Full Page Screenshots in WebDriver via Custom-built Browser Extension

Full Page Screenshots in WebDriver via Custom-built Browser Extension

In the last article from the WebDriver Series, I showed you how you could use HTML2Canvas.js to create full page screenshots in WebDriver tests. Here we will go even further using the same code, but instead of injecting it every time, we will use a browser extension for the job. We will go in details how to create browser extension for tests’ purposes.

Code for Taking Full Page Screenshots without Browser Extension


public void TakingHTML2CanvasFullPageScreenshot()
{
    using (var driver = new ChromeDriver())
    {
        driver.Manage().Timeouts().PageLoad = TimeSpan.FromSeconds(5);
        driver.Navigate().GoToUrl(@"https://automatetheplanet.com");
        IJavaScriptExecutor js = driver;
        var html2canvasJs = File.ReadAllText($"{GetAssemblyDirectory()}html2canvas.js");
        js.ExecuteScript(html2canvasJs);
        string generateScreenshotJS =
        @"function genScreenshot () {
var canvasImgContentDecoded;
html2canvas(document.body).then(function(canvas) {
window.canvasImgContentDecoded = canvas.toDataURL(""image/png"");
});
}
genScreenshot();";
        js.ExecuteScript(generateScreenshotJS);
        var wait = new WebDriverWait(driver, TimeSpan.FromSeconds(10));
        wait.IgnoreExceptionTypes(typeof(InvalidOperationException));
        wait.Until(
        wd =>
        {
            string response = (string)js.ExecuteScript
    ("return (typeof canvasImgContentDecoded === 'undefined' || canvasImgContentDecoded === null)");
            if (string.IsNullOrEmpty(response))
            {
                return false;
            }
            return bool.Parse(response);
        });
        wait.Until(wd => !string.IsNullOrEmpty((string)js.ExecuteScript("return canvasImgContentDecoded;")));
        var pngContent = (string)js.ExecuteScript("return canvasImgContentDecoded;");
        pngContent = pngContent.Replace("data:image/png;base64,", string.Empty);
        var tempFilePath = Path.GetTempFileName().Replace(".tmp", ".png");
        File.WriteAllBytes(tempFilePath, Convert.FromBase64String(pngContent));
    }
}
private string GetAssemblyDirectory()
{
    string codeBase = Assembly.GetExecutingAssembly().Location;
    var uri = new UriBuilder(codeBase);
    string path = Uri.UnescapeDataString(uri.Path);
    return Path.GetDirectoryName(path);
}

The above code is working. However, the problem here is that we need to execute a significant amount of Java Script code every time we need a screenshot. Some of the JS code is copied as a string in the C# code which I don’t think is the best practice for maintainable tests.
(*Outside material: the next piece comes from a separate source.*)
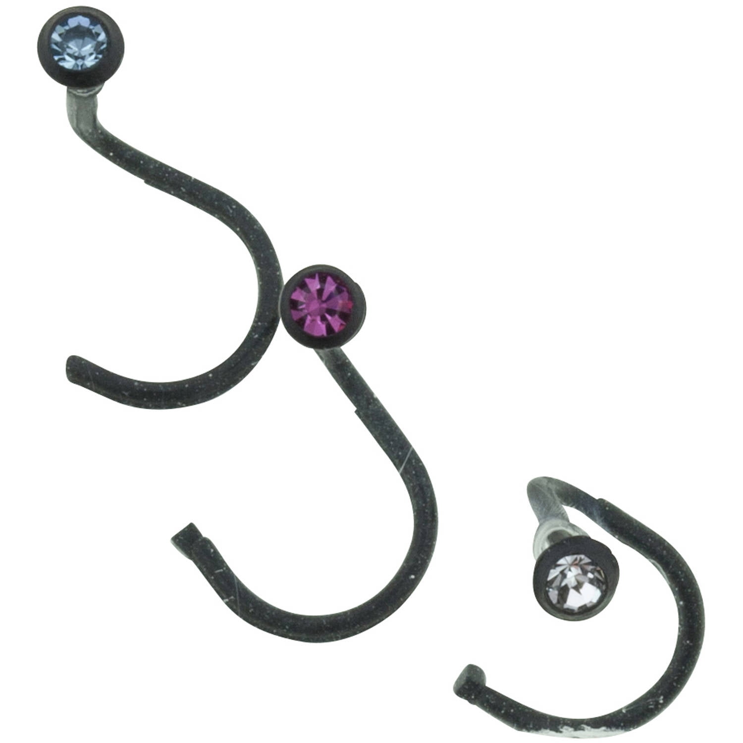 22G Crystal Black Stainless Steel Nose Screw Trio

While ago when we were working on the first version of the BELLATRIX test automation framework, I did this research while I was working on a similar feature for our solution.

Code for Taking Full Page Screenshots with Browser Extension

A better way of achieving the same thing is to move the Java Script code to a browser extension. When the page is loaded, the screenshot is created. We can, of course, optimize the solution instead of capturing the page every time to expose that as JS function that we can call inside our test.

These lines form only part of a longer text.